The starting point for determining the fee is to make use of the spread between the yields on HQLA securities and the collateral that the banks hold for the CLF. This collateral is all eligible for the RBA’s market operations, and is mainly the banks’ self-securitised residential mortgage backed securities. We have estimated that this spread was around 90 basis points earlier this year. But the higher yield on CLF collateral reflects compensation for a variety of risks. In particular, a sizeable share of the spread owes to the higher credit risk on these securities.
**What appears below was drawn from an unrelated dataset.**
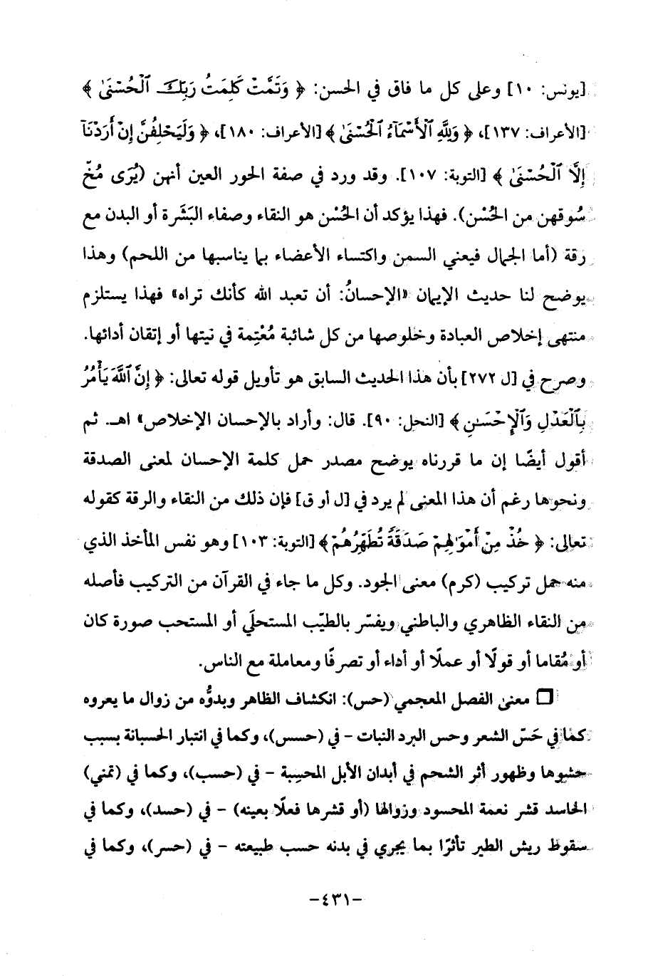 [يونس: 10] وعلى كل ما فاق في الحسن: {وَتَمَّتْ كَلِمَتُ رَبِّكَ الْحُسْنَى} [الأعراف: 137]، {وَلِلَّهِ الْأَسْمَاءُ الْحُسْنَى} [الأعراف: 180]، {وَلَيَحْلِفُنَّ إِنْ أَرَدْنَا إِلَّا الْحُسْنَى} [التوبة: 107]. وقد ورد في صفة الحور العين أنهن (يرى مُخّ سُوقهن منْ الحسن). فهذا يؤكد أن الحسن هو النقاء وصفاء البَشَرة أو البدن مع رقة (أما الجمال فيعني السمن واكتساء الأعضاء بما يناسبها من اللحم) وهذا يوضح لنا حديث الإيمان "الإحسانُ: أن تعبد الله كأنك تراه "فهذا يستلزم منتهى إخلاص العبادة وخلوصها من كل شائبة مُعتِمة في نيتها أو إتقان أدائها. وصرح في [ل 272] بأن هذا الحديث السابق هو تأويل قوله تعالى: {إِنَّ اللَّهَ يَأْمُرُ بِالْعَدْلِ وَالْإِحْسَانِ} [النحل: 90]. قال: وأراد بالإحسان الإخلاص "اه. ثم أقولْ أيضًا إن ما قررناه يوضح مصدر حمل كلمة الإحسان لمعنى الصدقة ونحوها رغم أن هذا المعنى لم يرد في [ل أو ق] فإن ذلك من النقاء والرقة كقوله تعالى: {خُذْ مِنْ أَمْوَالِهِمْ صَدَقَةً تُطَهِّرُهُمْ} [التوبة: 103] وهو نفس المأخذ الذي منه حمل تركيب (كرم) معنى الجود. وكل ما جاء في القرآن من التركيب فأصله من التقاء الظاهري والباطني ويفسّر بالطيّب المستحلَي أو المستحب صورة كان أو مُقاما أو قولًا أو عملًا أو أداء أو تصرفًا ومعاملة مع الناس.

However, the CLF fee should only reflect the liquidity risk component of the spread, and that is very difficult to identify separately.
When the Reserve Bank set the CLF fee earlier this decade, it looked at repo rates on some CLF-eligible securities to gauge how much a one-month liquidity premium might be worth. The answer was not very much in normal circumstances. Based on data from the RBA’s open market operations, it was estimated to be around 10 basis points. However, given that part of the point of the liquidity reforms was to recognise that the market had underpriced liquidity in the past, it was judged to have been appropriate to set the fee at 15 basis points.
Now that we have several years of experience with the CLF, we can look back and see how the banks have responded to the existing framework. Since the CLF was introduced, the banks, in total, have consistently overestimated their ‘net cash outflow’ projections in their CLF applications for the following year. These projections were used by APRA to determine the size of the CLF. As a result, the banks have been granted a larger CLF than would have been the case had the net cash outflow projections been more accurate ex ante (Graph 8). In recent years, the banks have also been holding fewer HQLA securities than the RBA judged that they could reasonably hold. Taken together, these observations suggest that the CLF fee should be set at a higher rate in the future.
A higher CLF fee will help to make the banks indifferent between holding more HQLA securities and asking for a larger CLF. However, if the fee is too high, this could trigger a disruptive shift away from using the CLF facility and create distortions in the markets that use HQLA. Accordingly, we have concluded that the fee should be increased moderately and occur in two steps. The fee will rise from 15 to 17 basis points in January 2020 and to 20 basis points in January 2021.
When taken together, these two changes to the settings for the CLF will result in a small increase in the cost of the CLF for the banks. To show this, we can fully apply the new settings to the current CLF amounts, assuming everything else is held constant. If the banks were holding the higher level of AGS and semis that the RBA has assessed would be reasonable, this would reduce the size of the CLF from just below $250 billion to around $200 billion. If we then apply the 5 basis points total increase in the CLF fee, collectively the banks would pay around $30 million more than they do currently for the liquidity commitment they receive from the RBA.
In conclusion, the CLF is important for Australia’s implementation of the Basel III liquidity reforms. The facility has been working well, but after five years it is time to make some modest and gradual adjustments to the settings, in a way that reduces the need of the banks to make use of the CLF while also increasing their cost of doing so a little. In combination, these changes will help to ensure that the banks continue to have strong incentives to manage their liquidity risk appropriately.
I will just observe in passing that allowing banks to hold each other’s RMBS as a fail safe liquidity backstop against any financial crisis that will almost certainly be centered around mortgages is a true new low in regulatory arsehattery.